About this exercise
Take the lines from the one with "W dzisiejszej uroczystości" through the end of the material below and repeat them exactly, dropping every picture.

Material provided
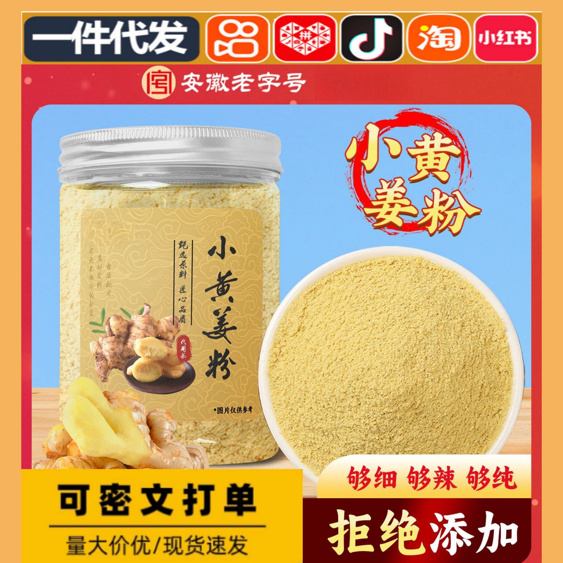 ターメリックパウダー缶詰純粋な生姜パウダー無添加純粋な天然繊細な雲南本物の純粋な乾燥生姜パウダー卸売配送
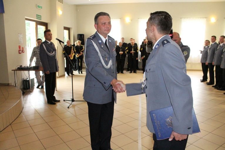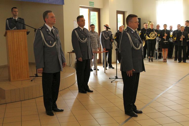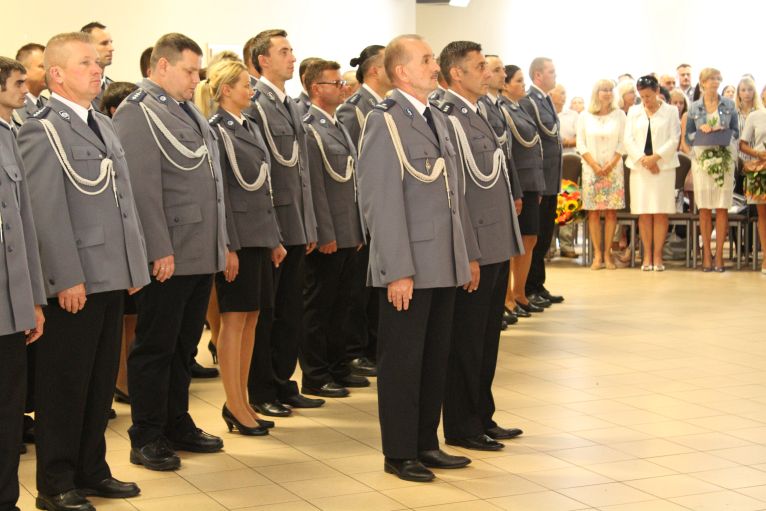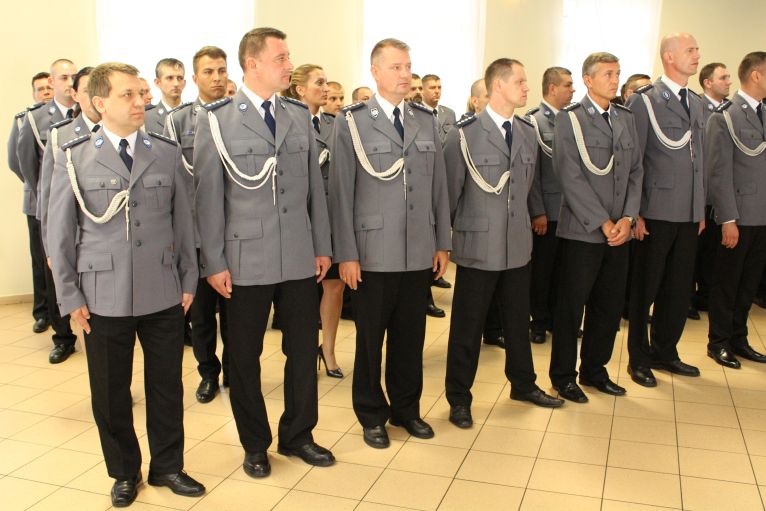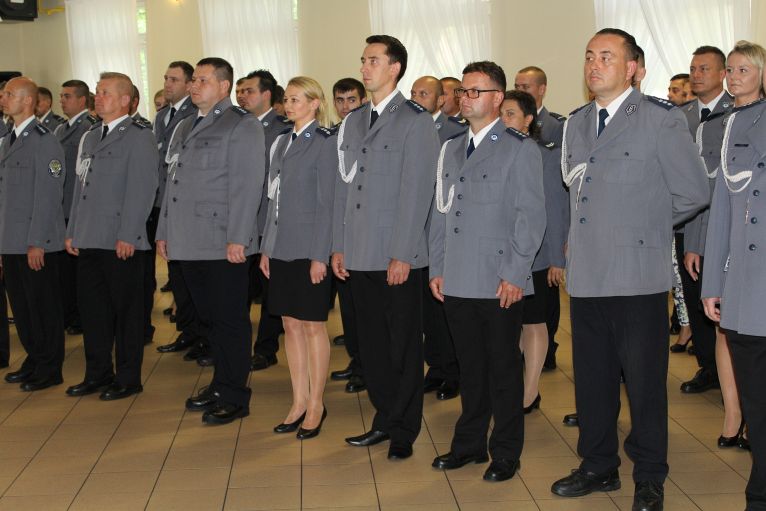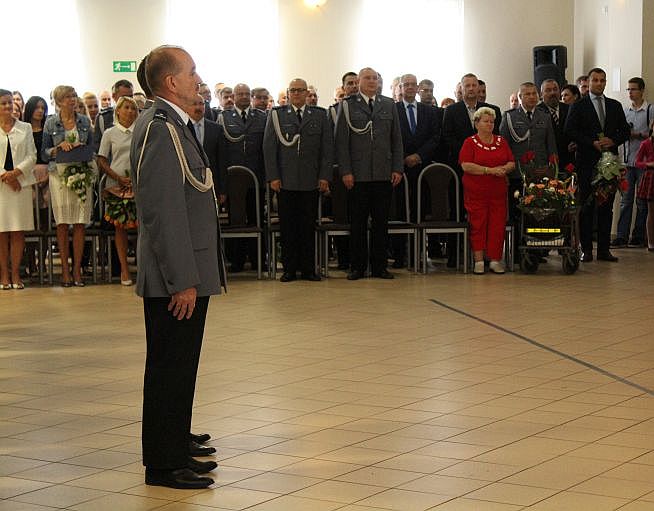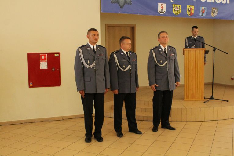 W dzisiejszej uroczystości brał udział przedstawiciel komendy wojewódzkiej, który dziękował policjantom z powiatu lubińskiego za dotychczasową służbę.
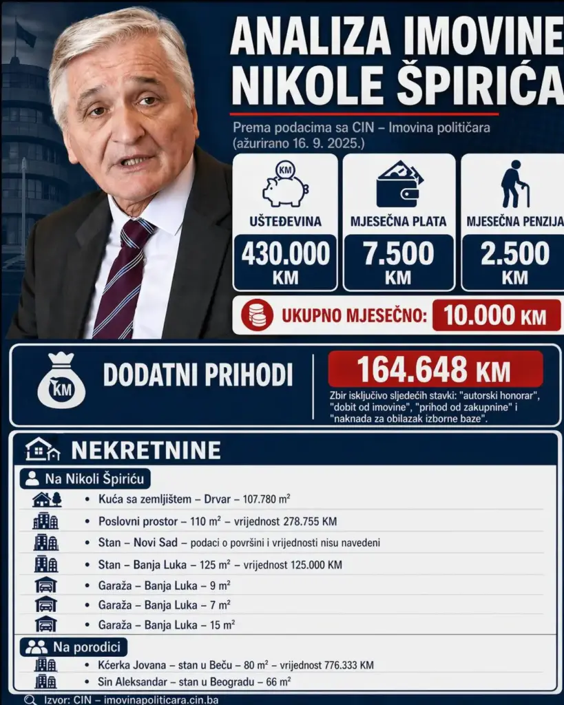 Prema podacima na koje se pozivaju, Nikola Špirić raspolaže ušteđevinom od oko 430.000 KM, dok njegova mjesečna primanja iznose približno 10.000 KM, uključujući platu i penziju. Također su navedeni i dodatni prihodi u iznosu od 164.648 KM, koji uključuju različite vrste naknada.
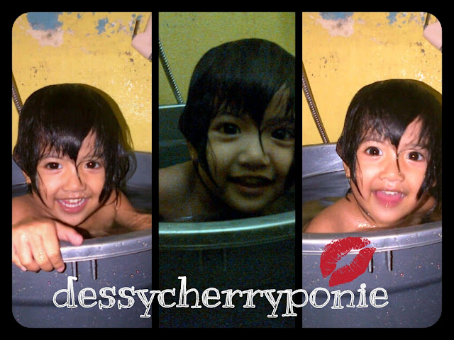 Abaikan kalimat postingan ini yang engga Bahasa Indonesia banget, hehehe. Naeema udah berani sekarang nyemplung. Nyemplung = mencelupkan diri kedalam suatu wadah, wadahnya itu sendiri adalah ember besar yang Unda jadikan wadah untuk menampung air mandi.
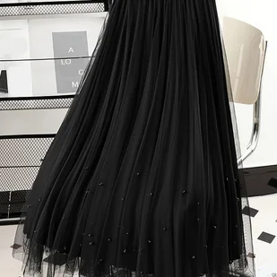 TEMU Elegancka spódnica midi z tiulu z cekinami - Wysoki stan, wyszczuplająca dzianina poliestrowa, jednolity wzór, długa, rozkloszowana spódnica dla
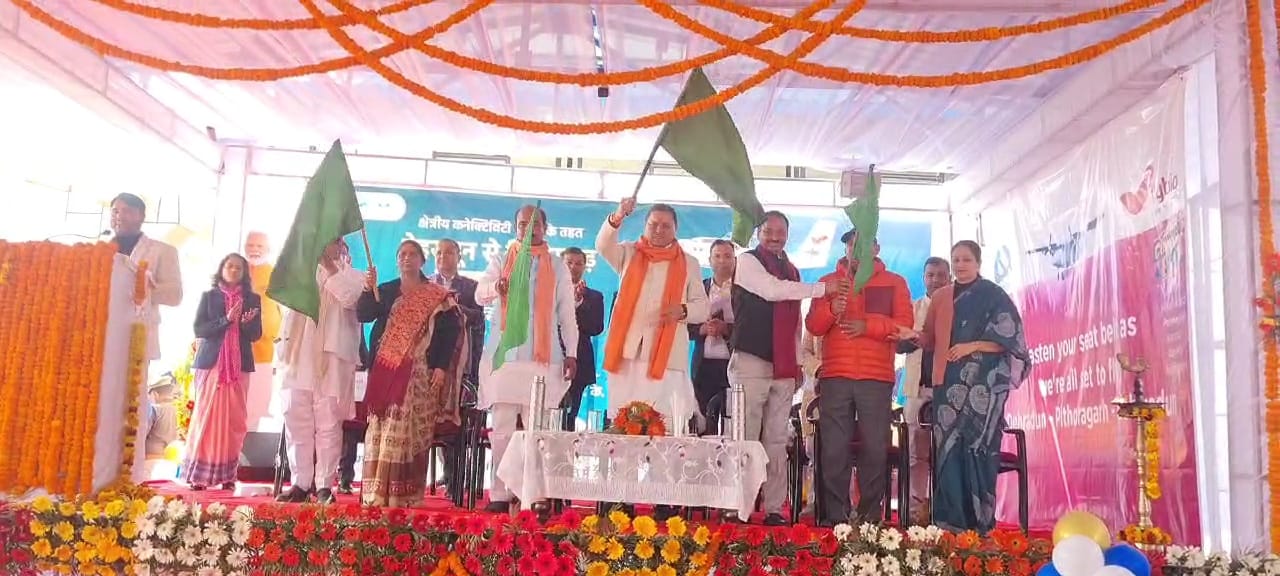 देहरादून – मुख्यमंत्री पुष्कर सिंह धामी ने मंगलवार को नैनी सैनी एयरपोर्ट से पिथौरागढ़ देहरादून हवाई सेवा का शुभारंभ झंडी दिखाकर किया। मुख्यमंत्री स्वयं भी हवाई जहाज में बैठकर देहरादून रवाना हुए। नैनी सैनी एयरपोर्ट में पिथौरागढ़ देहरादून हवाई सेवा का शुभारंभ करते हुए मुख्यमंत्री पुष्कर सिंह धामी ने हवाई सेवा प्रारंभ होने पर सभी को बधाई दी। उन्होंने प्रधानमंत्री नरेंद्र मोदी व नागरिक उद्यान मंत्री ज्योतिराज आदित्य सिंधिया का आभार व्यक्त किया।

Result of this exercise
 W dzisiejszej uroczystości brał udział przedstawiciel komendy wojewódzkiej, który dziękował policjantom z powiatu lubińskiego za dotychczasową służbę.
 Prema podacima na koje se pozivaju, Nikola Špirić raspolaže ušteđevinom od oko 430.000 KM, dok njegova mjesečna primanja iznose približno 10.000 KM, uključujući platu i penziju. Također su navedeni i dodatni prihodi u iznosu od 164.648 KM, koji uključuju različite vrste naknada.
 Abaikan kalimat postingan ini yang engga Bahasa Indonesia banget, hehehe. Naeema udah berani sekarang nyemplung. Nyemplung = mencelupkan diri kedalam suatu wadah, wadahnya itu sendiri adalah ember besar yang Unda jadikan wadah untuk menampung air mandi.
 TEMU Elegancka spódnica midi z tiulu z cekinami - Wysoki stan, wyszczuplająca dzianina poliestrowa, jednolity wzór, długa, rozkloszowana spódnica dla
 देहरादून – मुख्यमंत्री पुष्कर सिंह धामी ने मंगलवार को नैनी सैनी एयरपोर्ट से पिथौरागढ़ देहरादून हवाई सेवा का शुभारंभ झंडी दिखाकर किया। मुख्यमंत्री स्वयं भी हवाई जहाज में बैठकर देहरादून रवाना हुए। नैनी सैनी एयरपोर्ट में पिथौरागढ़ देहरादून हवाई सेवा का शुभारंभ करते हुए मुख्यमंत्री पुष्कर सिंह धामी ने हवाई सेवा प्रारंभ होने पर सभी को बधाई दी। उन्होंने प्रधानमंत्री नरेंद्र मोदी व नागरिक उद्यान मंत्री ज्योतिराज आदित्य सिंधिया का आभार व्यक्त किया।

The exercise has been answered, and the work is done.